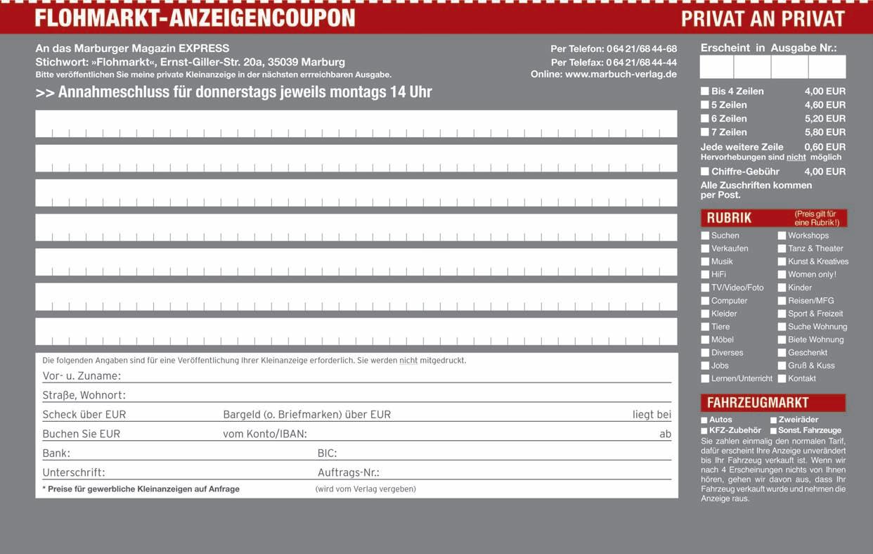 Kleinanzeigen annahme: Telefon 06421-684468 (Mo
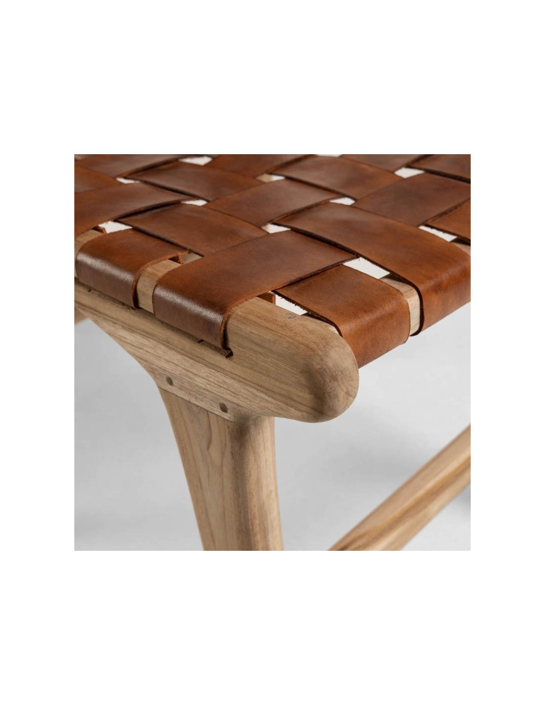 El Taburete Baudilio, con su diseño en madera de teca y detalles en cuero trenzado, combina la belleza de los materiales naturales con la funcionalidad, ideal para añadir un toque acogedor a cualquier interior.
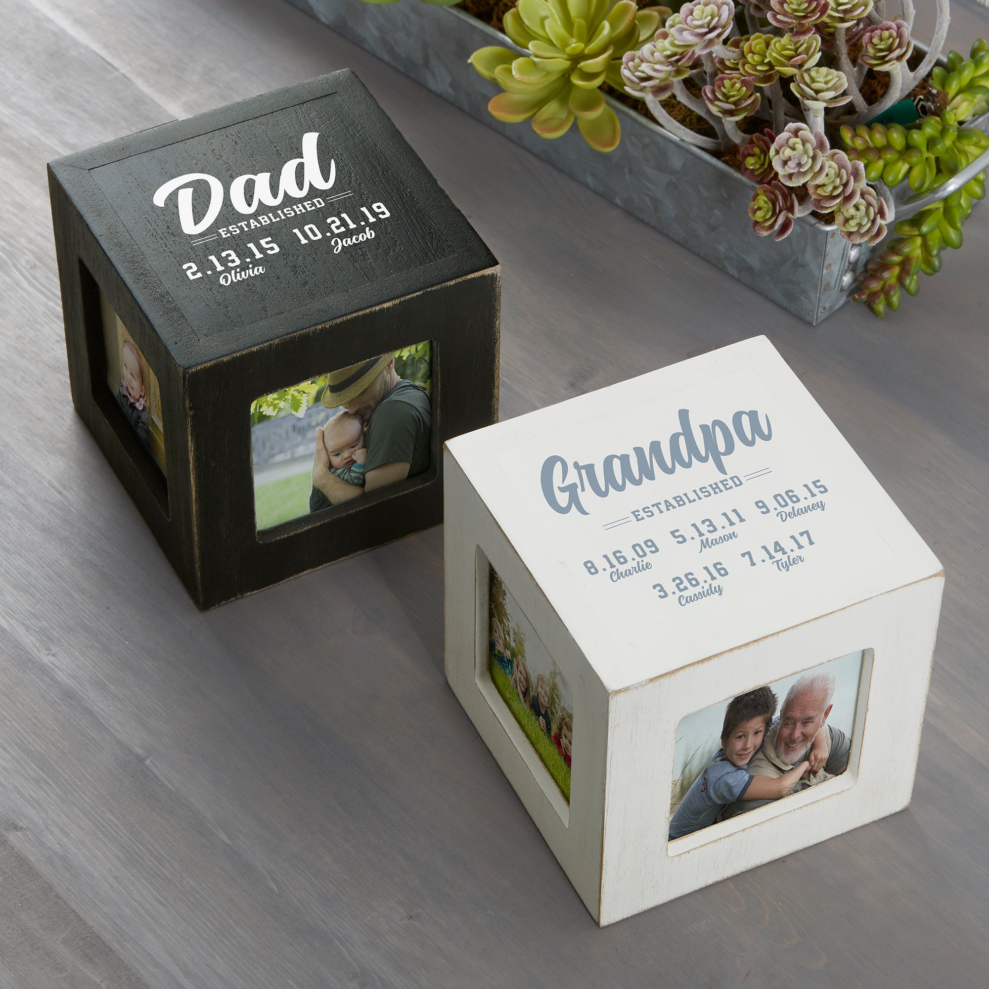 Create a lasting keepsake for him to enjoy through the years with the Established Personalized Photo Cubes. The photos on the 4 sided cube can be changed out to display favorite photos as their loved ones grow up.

Task goal: Only the pictures stay behind; everything else in the data above is to be retyped exactly.

Expected output:
 Kleinanzeigen annahme: Telefon 06421-684468 (Mo
 El Taburete Baudilio, con su diseño en madera de teca y detalles en cuero trenzado, combina la belleza de los materiales naturales con la funcionalidad, ideal para añadir un toque acogedor a cualquier interior.
 Create a lasting keepsake for him to enjoy through the years with the Established Personalized Photo Cubes. The photos on the 4 sided cube can be changed out to display favorite photos as their loved ones grow up.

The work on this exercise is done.